Saturday, January 11, 2014

Man the Astronomer


KANT: Would you please tell me how else you would save religion and science from each other? How else would you meet the threats to both that emerged in my time, especially from Hume?

SOCRATES: Perhaps the threats from which you thought you saved both science and religion were not so serious at all. And perhaps your cure was worse than the disease.

KANT: Oh, no, the threats were very real. The threat of science was not merely the threat against science launched by Hume’s skepticism, but also the threat from science to reduce man and the human element to nothing but a tiny cog in the great cosmic machine. As I once said to an astronomer who argued that “astronomically speaking, man is utterly insignificant”, “Sir, you are forgetting that astronomically speaking, man is the astronomer.”

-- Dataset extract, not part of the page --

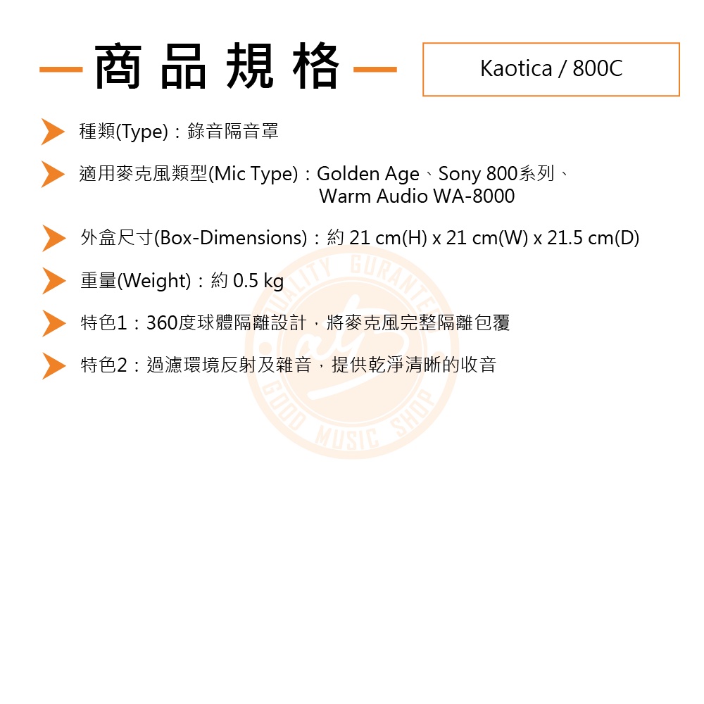 Kaotica / 800C 專業音場球型隔音罩(Golden Age、Sony 800等適用)【樂器通】

- from Socrates Meets Kant, by Peter Kreeft (ch 5, “Kant’s Big Idea”)


That two sentence critique of Kant’s philosophy by “Socrates” above pretty much sums up this excellent book. As someone who’s been fascinated with what little I can understand of Kant – his ideas best fit what little I can understand of quantum mechanics – I find this book (I’m little past halfway through it) a page turner.

The last sentence “Kant” speaks above, though, reached out and slapped me in the face, in a good way, if a slap in the face can be in any way called good. Almost raised bumps on my arms, that’s how insightful it is. Don’t know if Kant every actually spoke it, or wrote it, but I plan to immediately appropriate it and use it whenever necessary, always giving credit to the little old German professor.